Atomic de Broglie microscope

Atomic de Broglie microscope
Fig.1. Proposal for the Helium microscope by.[1]

The atomic de Broglie microscope (also atomic nanoscope, neutral beam microscope, or scanning helium microscope when helium is used as the probing atom) is an imaging system which is expected to provide resolution at the nanometer scale.

Contents

History

The resolution of optical microscopes is limited to a few hundred nanometers by the wave properties of the light.

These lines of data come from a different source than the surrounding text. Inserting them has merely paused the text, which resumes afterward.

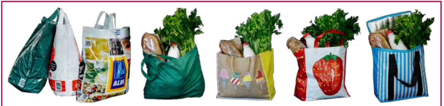
Reusable bags, which include: heavy-duty plastic bags designed for reuse or multiple uses, 'green' (woven polypropylene) bags, hessian bags, and freezer or 'cold' bags
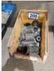
200. Qty of sockets
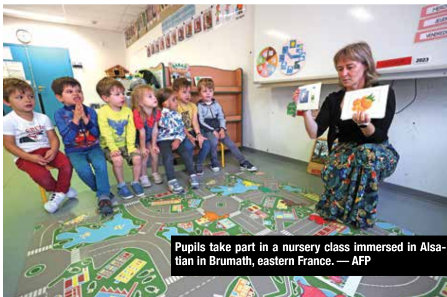
Pupils take part in a nursery class immersed in Alsatian in Brumath, eastern France.
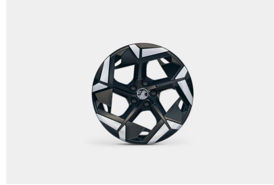
18-inch alloy wheel.

The idea of imaging with atoms instead of light is widely discussed in the literature since the past century.[2][3][4][5][6] Atom optics using neutral atoms instead of light could provide resolution as good as the electron microscope and be completely non-destructive, because short wavelengths on the order of a nanometer can be realized at low energy of the probing particles. "It follows that a helium microscope with nanometer resolution is possible. A helium atom microscope will be [a] unique non-destructive tool for reflection of transmission microscopy."[5]

Focusing of neutral atoms

Currently, the atom-optic imaging systems are not competitive with electron microscopy and various methods of near-field probe. The main problem in the optics of atomic beams for an imaging system is the focusing element. There is no material transparent to the beam of low-energy atoms. A Fresnel zone plate [6] and evanescent field lens [7] were suggested, as well as various atomic mirrors.[8][9][10] Such mirrors use the quantum reflection by Casimir–van der Waals potential tails.[11]

Ridged mirrors

Recently, the performance of solid-state atomic mirrors was greatly enhanced with so-called ridged mirrors (or Fresnel diffraction mirrors).[12][13][14][15][16] The specular reflection of an atomic wave from a ridged mirror can be interpreted as spatial Zeno effect.[14] At the appropriate ellipsoidal profile, such a mirror could be used for focusing of an atomic beam into a spot of some tens of nanometers;[1] the scattering of atoms from this spot brings the image of the object, like in the scanning confocal microscope, scanning electron microscope, or scanning probe microscopy.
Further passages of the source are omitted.